If this is your recruiter, tell them they are doing it wrong... - jmspring

In the past few days, I have received similar emails.  I've sanitized this one a little bit, but I think I am going to start referring to them as Nigerian Recruiters.<p>An example of how not to reach out to people:<p>---
I wanted to reach out as I am working with the CEO of a killer new company, with great investors and team (ex &#60;big companies here&#62;).<p>They are working on building out a game changing communication platform utilizing cutting edge aspects of both cloud and mobile technologies. One 
key role that I am on the hunt for is a &#60;senior sounding "lead role"&#62; engineer to drive the development of a core piece of their product strategy. They are developing a breakthrough cloud-enabled device that will change the way we communicate. The company are &#60;small number&#62; people and are going to ramp up quickly over the next 2 quarters. Please let me know if you may be interested in learning more and let's jump on a 15 minute call at your soonest convenience.
---
======
jmspring
My problems with the email:

"killer company" "game changing <blah blah blah>" "cutting edge aspects"
"breakthrough cloud-enabled" "change the way we..." "ramp up quickly"

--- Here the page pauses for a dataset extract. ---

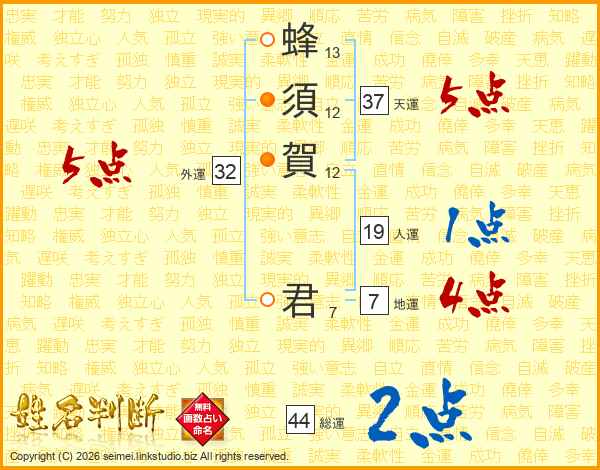 蜂(13画)須(12画)賀(12画) 君(7画)

Basically every sentence has a phrase that is cliche. More facts, less hype. I
seriously expected to read something about social and local in this.

The same email can be written without the hyperbole.

------
chris_dcosta
Recruiters know nothing about anything, but I wouldn't dismiss this just
because the person was trying too hard to make it attractive.

At the end of the day, the client is the person that can properly tell you
what it's about and I haven't come across a recruiter yet that could tell me
the difference between javascript and php. It's not their job to know such
trivial details...

Be nice it may just be worth it.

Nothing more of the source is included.